Work instructions: Below are records; please set down exactly the lines from the first through the one containing "Frosted Cuban name necklace stainless steel".

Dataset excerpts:
# # # # #

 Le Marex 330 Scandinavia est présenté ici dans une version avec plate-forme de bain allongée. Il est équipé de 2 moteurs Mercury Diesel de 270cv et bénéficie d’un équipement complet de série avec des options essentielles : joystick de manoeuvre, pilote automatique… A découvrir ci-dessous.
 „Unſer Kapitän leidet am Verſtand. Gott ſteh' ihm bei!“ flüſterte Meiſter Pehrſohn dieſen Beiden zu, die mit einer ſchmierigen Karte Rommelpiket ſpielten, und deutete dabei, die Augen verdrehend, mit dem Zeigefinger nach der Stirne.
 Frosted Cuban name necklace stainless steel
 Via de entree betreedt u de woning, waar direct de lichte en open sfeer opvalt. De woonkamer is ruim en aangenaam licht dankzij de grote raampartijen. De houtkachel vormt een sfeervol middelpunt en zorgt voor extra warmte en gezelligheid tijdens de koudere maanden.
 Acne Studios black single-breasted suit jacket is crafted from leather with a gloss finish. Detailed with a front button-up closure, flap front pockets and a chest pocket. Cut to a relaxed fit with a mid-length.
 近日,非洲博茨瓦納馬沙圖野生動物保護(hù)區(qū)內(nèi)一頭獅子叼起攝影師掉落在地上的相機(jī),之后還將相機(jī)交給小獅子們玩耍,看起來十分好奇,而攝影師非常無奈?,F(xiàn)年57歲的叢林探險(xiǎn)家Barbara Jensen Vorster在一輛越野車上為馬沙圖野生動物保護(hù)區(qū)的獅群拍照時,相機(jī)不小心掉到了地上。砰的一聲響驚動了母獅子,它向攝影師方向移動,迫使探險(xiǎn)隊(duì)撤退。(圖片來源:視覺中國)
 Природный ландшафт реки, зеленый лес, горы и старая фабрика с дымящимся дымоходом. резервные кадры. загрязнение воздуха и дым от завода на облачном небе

# # # # #

Task solution:
 Le Marex 330 Scandinavia est présenté ici dans une version avec plate-forme de bain allongée. Il est équipé de 2 moteurs Mercury Diesel de 270cv et bénéficie d’un équipement complet de série avec des options essentielles : joystick de manoeuvre, pilote automatique… A découvrir ci-dessous.
 „Unſer Kapitän leidet am Verſtand. Gott ſteh' ihm bei!“ flüſterte Meiſter Pehrſohn dieſen Beiden zu, die mit einer ſchmierigen Karte Rommelpiket ſpielten, und deutete dabei, die Augen verdrehend, mit dem Zeigefinger nach der Stirne.
 Frosted Cuban name necklace stainless steel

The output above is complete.